Calculate the amount of peroxide, in mEq/kg, in the portion of Sunflower Oil taken:
Result = [V × (N/W)] × F
V = volume of sodium thiosulfate used in the titration (mL)
N = normality of sodium thiosulfate VS (mEq/mL)
W = weight of Sunflower Oil taken (g)
F = conversion factor, 1000 g/kg
Acceptance criteria: NMT 10.0 mEq/kg
Water Determination, Method Ic 〈921〉: NMT 0.1%
5 ADDITIONAL REQUIREMENTS
Packaging and Storage: Preserve in tight, light-resistant containers. No storage requirement specified.

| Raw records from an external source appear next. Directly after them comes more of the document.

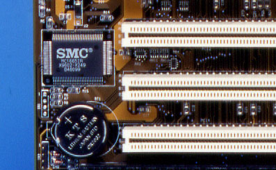 ■コメント M558はM559からサウンド機能を削除した廉価版マザーボードです。 このボードにはいくつかのバージョンが存在しました。本ページに掲載したカ タログの写真では、L2キャッシュモジュール搭載用のスロットがありますが 写真1に示したボードにはありません。L2キャッシュは256k/512K のいずれかが選べたようですが、写真1のボードでは256K固定のバージョ ンとなっていたようです。廉価版のボードだけあり、できるだけコストダウン を図った結果なのでしょう。この頃はまだキャッシュメモリの集積度が低かっ たため、キャッシュメモリのチップを4個も使用しています。その後512K のキャッシュメモリチップの搭載により、チップ数の削減が図られます。 サウンド機能はオンボード搭載されていませんが、マルチI/O機能は内蔵 していました。I/O制御用チップには、SMC社製のMC16651が使用 されていました。M559では168PinのDIMMメモリも使用できるよ うに設計されていましたが、M558では72PinのSIMMだけしか使え ません。このあたりも、コストダウン優先の製品だったことが伺われます。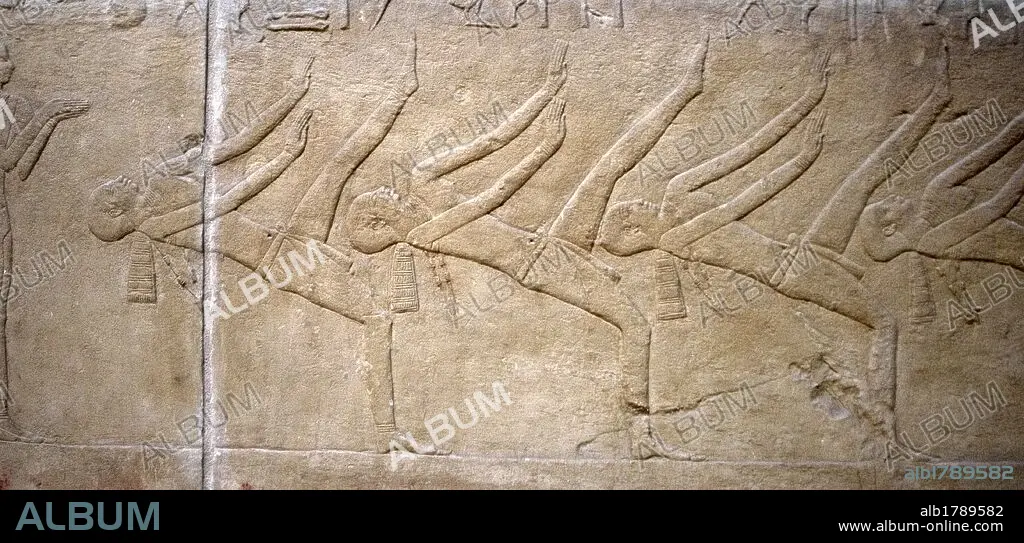 Descripción: ARTE EGIPCIO. EGIPTO. MASTABA DE KAGEMNI o MENI. Tumba de un alto funcionario de la VI DINASTIA. IMPERIO ANTIGUO. Su interior se encuentra decorado con relieves menfitas. Detalle relieve con escena de danza. NECROPOLIS SAKKARA.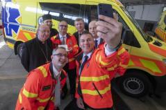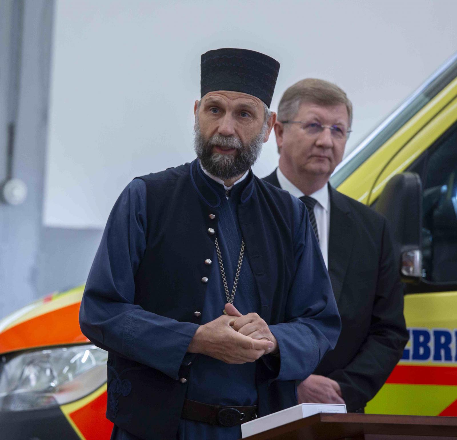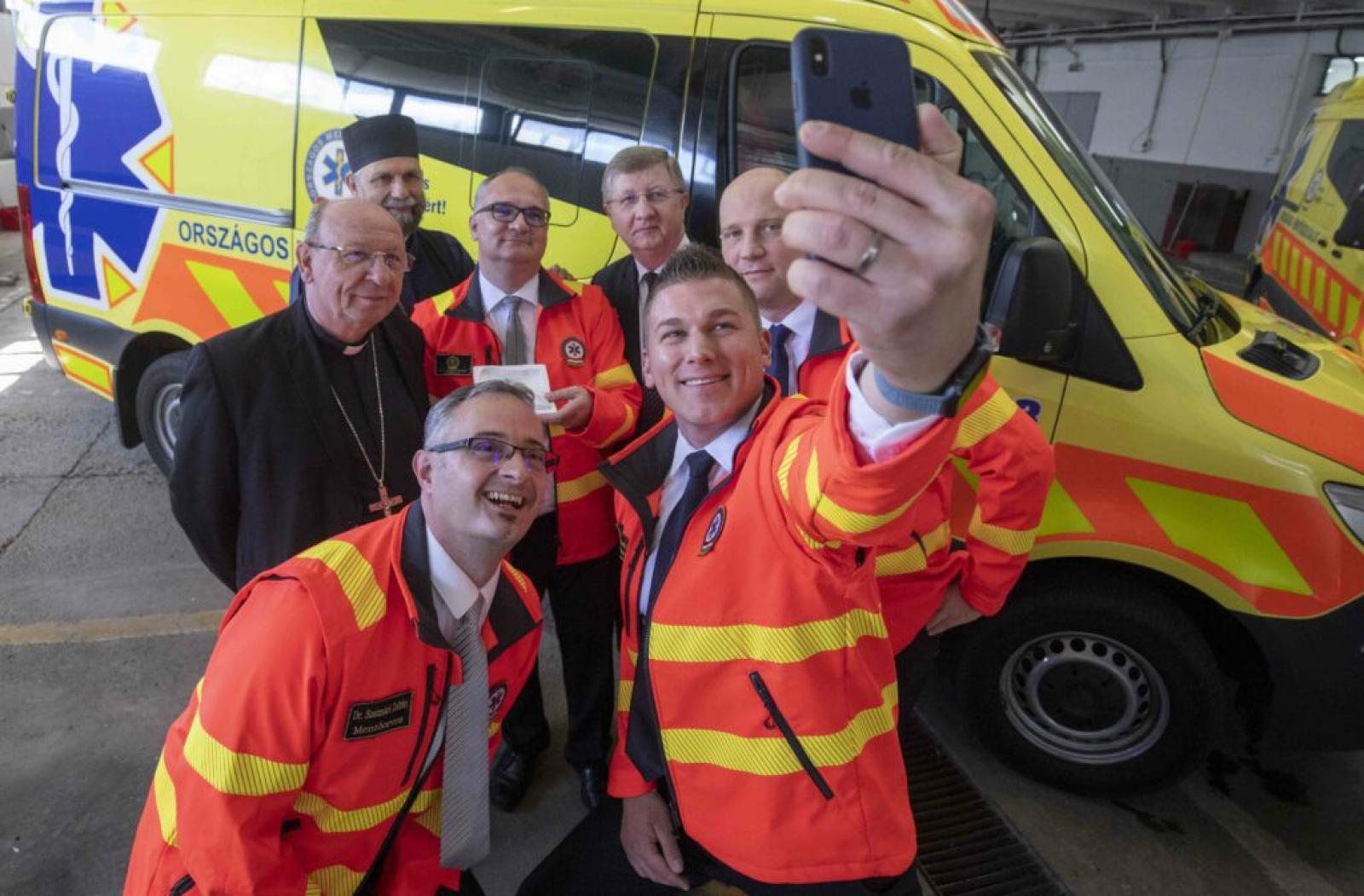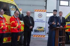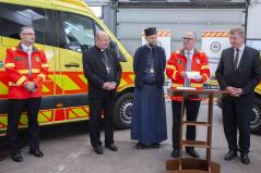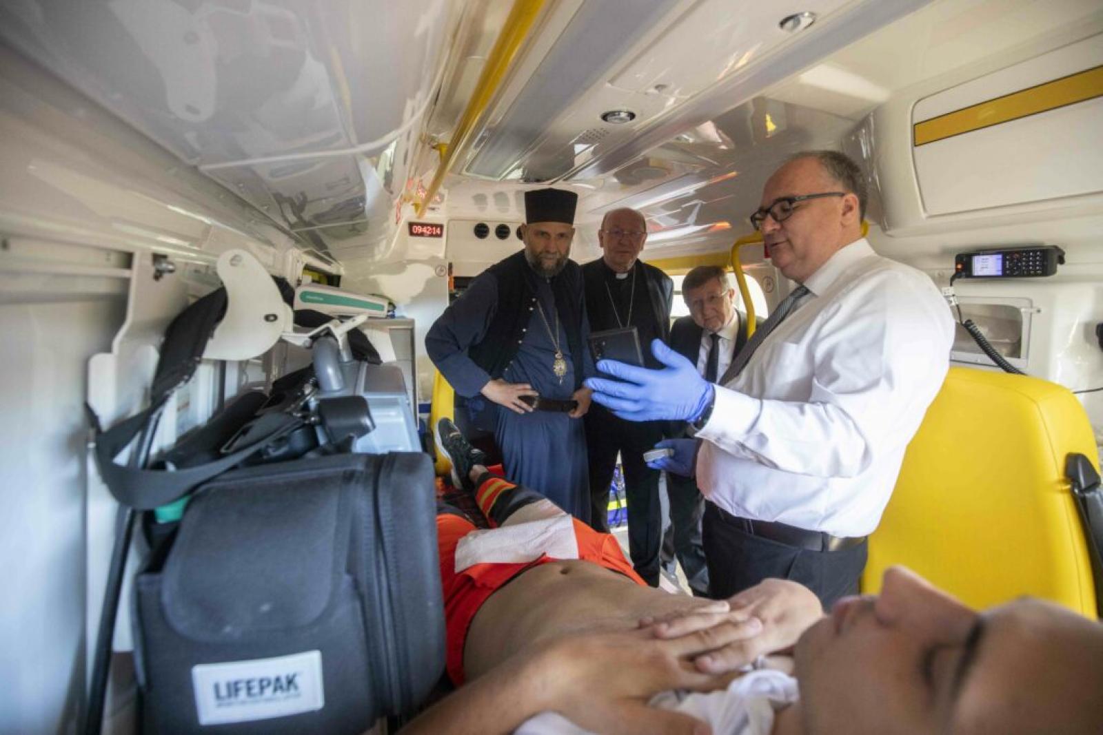 A köszöntő gondolatok után a püspökök megáldották a készüléket, majd azt a mentőkocsiban elhelyezve az érdeklődők vizsgálat közben is megtekinthették működését.

Labeling: The label states the Latin binomial and, following the official name, the part of the plant source from which the article was derived. Label it to indicate whether it is Generic Sunflower Oil, Mid-Oleic Sunflower Oil, or High-Oleic Sunflower Oil. The label also indicates the name and concentration of any additive.
1 Ester mixtures are available commercially from Nu-Chek-Prep, Inc., P.O. Box 295, Elysian, MN 56028. Typical Nu-Chek-Prep ester mixtures useful in this test include Nu-Chek 15A. This mixture may contain other components.